Practical .NET

Defining Columns, Primary, and Composite Keys in Entity Framework

There are two attributes you can put on your entity class properties: one is a convenience, the other is essential, and both are required when the primary key for a table consists of two columns.

When creating an entity Class to work with one of your tables in your Entity Framework model, you might find the Column attribute useful. For one purpose, it's a convenience: If you have a column called txtFirstName (because it follows some naming convention used by the database design team) and you'd prefer to have your property just called FirstName (because that's your coding convention), then the Column attribute will let you have the property name you want. Just decorate the property in your entity Class with the Column attribute to tie your FirstName property to your txtFirstName column, like this:

Public Class Customer
    <Column(Name := "txtFirstName")>
   Public Property FirstName() As String

And that's nice to have.

While used like this, the Column attribute is a convenience, the Key attribute is required -- you have to use it to tell Entity Framework which of your columns corresponds to your table's primary key. This example tells Entity Framework that the Id property is the primary key column for the table:

Public Class Customer
   <Key()>
   Public Property Id() As Boolean
   <Column(Name := "txtFirstName")>
   Public Property FirstName() As String

But what if the primary key for your table has two (or more) columns? It's not enough just to flag the columns using Key -- you also have to specify the order of the columns in the key. You'll need to use both the Key and the Column attributes to do that.
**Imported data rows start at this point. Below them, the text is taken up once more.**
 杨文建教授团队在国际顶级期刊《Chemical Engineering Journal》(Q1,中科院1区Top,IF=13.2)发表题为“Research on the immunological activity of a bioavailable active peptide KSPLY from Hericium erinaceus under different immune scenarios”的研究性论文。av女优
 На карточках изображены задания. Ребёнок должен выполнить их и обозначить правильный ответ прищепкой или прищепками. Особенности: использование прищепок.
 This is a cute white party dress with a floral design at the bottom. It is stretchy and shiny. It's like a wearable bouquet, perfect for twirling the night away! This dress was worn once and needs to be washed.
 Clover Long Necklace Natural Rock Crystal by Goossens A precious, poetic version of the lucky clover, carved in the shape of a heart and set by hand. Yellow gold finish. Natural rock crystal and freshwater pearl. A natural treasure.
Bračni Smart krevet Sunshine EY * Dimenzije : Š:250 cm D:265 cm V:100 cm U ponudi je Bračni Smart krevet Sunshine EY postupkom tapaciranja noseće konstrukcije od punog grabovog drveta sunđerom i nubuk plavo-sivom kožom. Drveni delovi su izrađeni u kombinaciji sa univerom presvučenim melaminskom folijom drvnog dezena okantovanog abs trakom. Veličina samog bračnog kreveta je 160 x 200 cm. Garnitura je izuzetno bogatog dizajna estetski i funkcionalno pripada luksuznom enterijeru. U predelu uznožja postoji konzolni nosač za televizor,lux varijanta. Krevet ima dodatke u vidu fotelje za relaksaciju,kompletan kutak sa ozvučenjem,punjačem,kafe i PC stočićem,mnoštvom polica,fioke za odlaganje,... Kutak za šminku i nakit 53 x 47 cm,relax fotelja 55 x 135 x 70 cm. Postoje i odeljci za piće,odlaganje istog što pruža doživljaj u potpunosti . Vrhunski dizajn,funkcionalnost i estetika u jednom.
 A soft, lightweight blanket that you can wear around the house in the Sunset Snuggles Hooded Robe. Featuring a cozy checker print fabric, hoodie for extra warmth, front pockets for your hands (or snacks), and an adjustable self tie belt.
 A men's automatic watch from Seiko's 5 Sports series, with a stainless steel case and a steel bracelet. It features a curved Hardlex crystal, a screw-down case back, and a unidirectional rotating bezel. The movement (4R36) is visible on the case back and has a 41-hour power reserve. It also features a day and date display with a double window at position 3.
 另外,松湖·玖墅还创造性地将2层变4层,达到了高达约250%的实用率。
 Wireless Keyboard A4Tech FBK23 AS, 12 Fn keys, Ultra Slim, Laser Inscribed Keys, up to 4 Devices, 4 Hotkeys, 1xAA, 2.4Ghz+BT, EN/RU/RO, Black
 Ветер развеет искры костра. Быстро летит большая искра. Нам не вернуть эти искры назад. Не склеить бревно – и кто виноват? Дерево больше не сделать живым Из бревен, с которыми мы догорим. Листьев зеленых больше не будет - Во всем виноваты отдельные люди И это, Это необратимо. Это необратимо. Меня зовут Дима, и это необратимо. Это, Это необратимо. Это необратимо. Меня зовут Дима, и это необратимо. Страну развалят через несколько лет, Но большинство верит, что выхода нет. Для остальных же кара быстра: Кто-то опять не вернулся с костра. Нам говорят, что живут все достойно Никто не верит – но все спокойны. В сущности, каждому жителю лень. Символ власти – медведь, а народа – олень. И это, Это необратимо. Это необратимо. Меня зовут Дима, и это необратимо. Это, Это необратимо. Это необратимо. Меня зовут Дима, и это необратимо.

This example:

Public Class Customer
   <Key>
   <Column(Order := 1)>
   Public Property FirstName As String
   <Key>
   <Column(Order := 2)>
   Public Property LastName As String

specifies that the Customer table has a composite key of FirstName and LastName with FirstName coming first.

About the Author

Peter Vogel is a system architect and principal in PH&V Information Services. PH&V provides full-stack consulting from UX design through object modeling to database design. Peter tweets about his VSM columns with the hashtag #vogelarticles. His blog posts on user experience design can be found at http://blog.learningtree.com/tag/ui/.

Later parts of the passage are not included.